- DATASET RECORDS -
<<<<
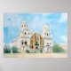 A watercolor painting of Mission San Xavier del Bac in Tucson, Arizona.
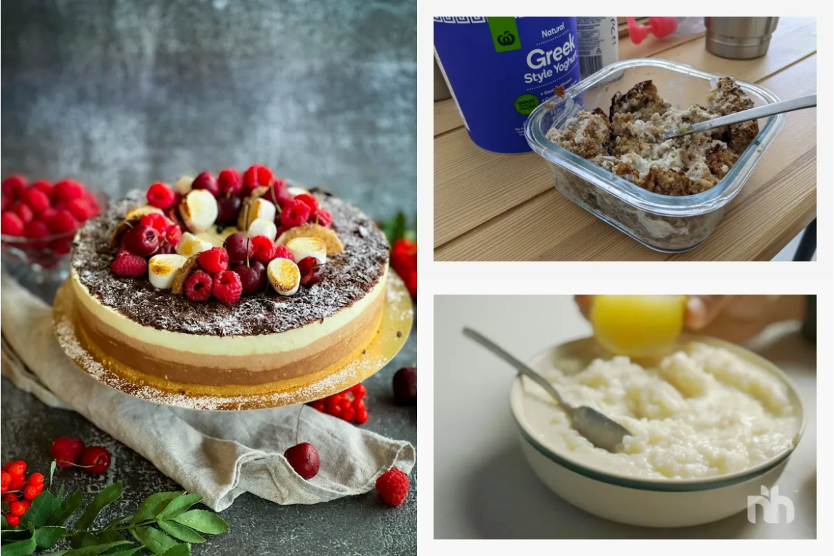 Reality (right): rice pudding (mushy rice, milk, condensed milk, lemon, eggs) or jam cake (plain flour, 2x eggs, olive oil or butter, choice of jam @ 100g). ~ $4 AUD per entire batch of 1.5 to 2 serves.
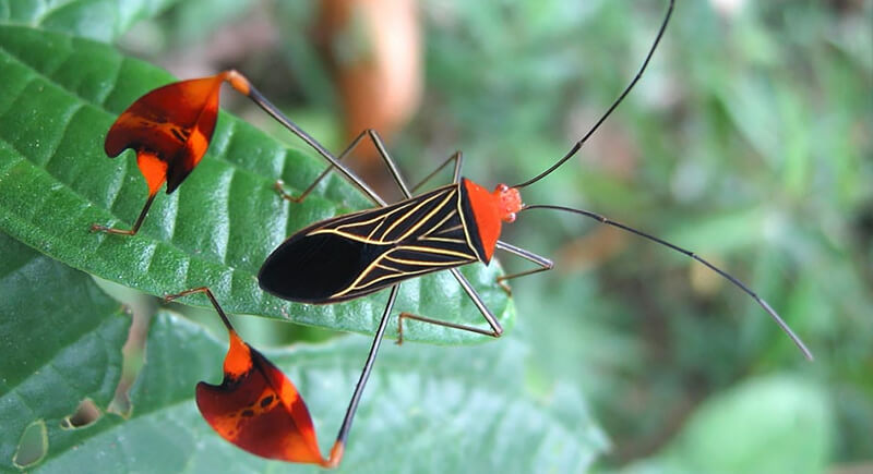 No one could accuse this insect of being subtle. Males of the flag-footed bug species flash brightly colored, leaf-like extensions on their hind legs during mating rituals. If a predator bites, the insect can drop the whole leg and scurry off. They spend their lives feeding on plant sap and avoiding becoming someone else’s lunch.
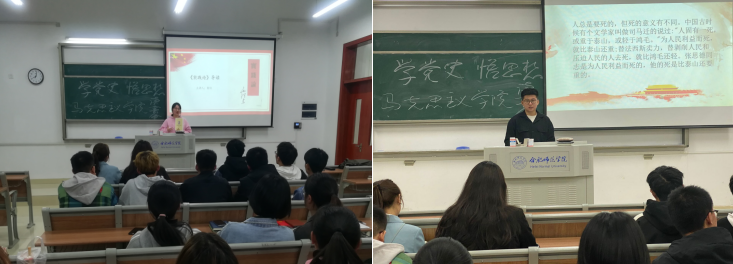 本网讯 为迎接中国共产党成立100周年,更好促进思想政治教育专业学子领会中国共产党铸就的优秀传统与精神,马克思主义学院于4月8日晚在滨湖校区博学楼B103教室举办“学党史·悟思想”读书会。读书会由何光辉主持,思想政治教育专业2019级2020级“党史学习教育”读书小组的同学参加了读书会。
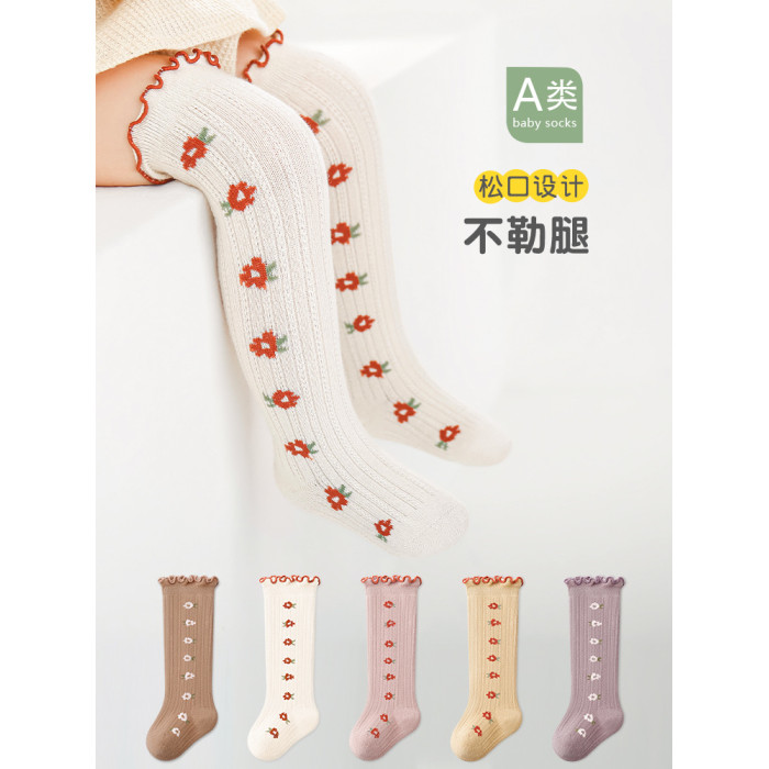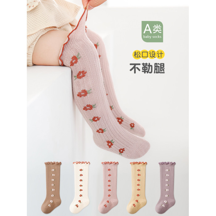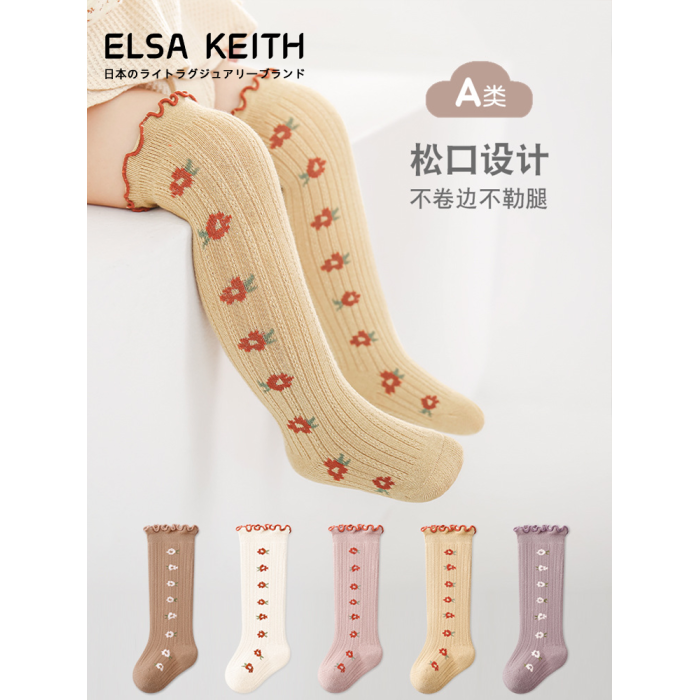 日本ELSA KEITH嬰兒秋季襪子寬口不勒腳寶寶襪子木耳花邊長筒襪
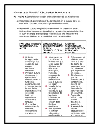 Este documento presenta un resumen de las actividades realizadas por una alumna de 6° grado sobre los factores que inciden en el aprendizaje de las matemáticas. Incluye un cuadro comparativo de factores internos y externos mencionados por el autor, así como factores asociados al fracaso escolar. También propone adecuaciones a la práctica docente para implementar la formación por competencias, como conocer los programas y estándares, realizar diagnósticos, y enfocarse en el desarrollo de habilidades más que
>>>>
- TO DO -
Please print the lines from the one holding "Reality (right): rice" through the end of the records above, unchanged and with the pictures left out.

- RESULT OF THE TASK -
 Reality (right): rice pudding (mushy rice, milk, condensed milk, lemon, eggs) or jam cake (plain flour, 2x eggs, olive oil or butter, choice of jam @ 100g). ~ $4 AUD per entire batch of 1.5 to 2 serves.
 No one could accuse this insect of being subtle. Males of the flag-footed bug species flash brightly colored, leaf-like extensions on their hind legs during mating rituals. If a predator bites, the insect can drop the whole leg and scurry off. They spend their lives feeding on plant sap and avoiding becoming someone else’s lunch.
 本网讯 为迎接中国共产党成立100周年,更好促进思想政治教育专业学子领会中国共产党铸就的优秀传统与精神,马克思主义学院于4月8日晚在滨湖校区博学楼B103教室举办“学党史·悟思想”读书会。读书会由何光辉主持,思想政治教育专业2019级2020级“党史学习教育”读书小组的同学参加了读书会。
 日本ELSA KEITH嬰兒秋季襪子寬口不勒腳寶寶襪子木耳花邊長筒襪
 Este documento presenta un resumen de las actividades realizadas por una alumna de 6° grado sobre los factores que inciden en el aprendizaje de las matemáticas. Incluye un cuadro comparativo de factores internos y externos mencionados por el autor, así como factores asociados al fracaso escolar. También propone adecuaciones a la práctica docente para implementar la formación por competencias, como conocer los programas y estándares, realizar diagnósticos, y enfocarse en el desarrollo de habilidades más que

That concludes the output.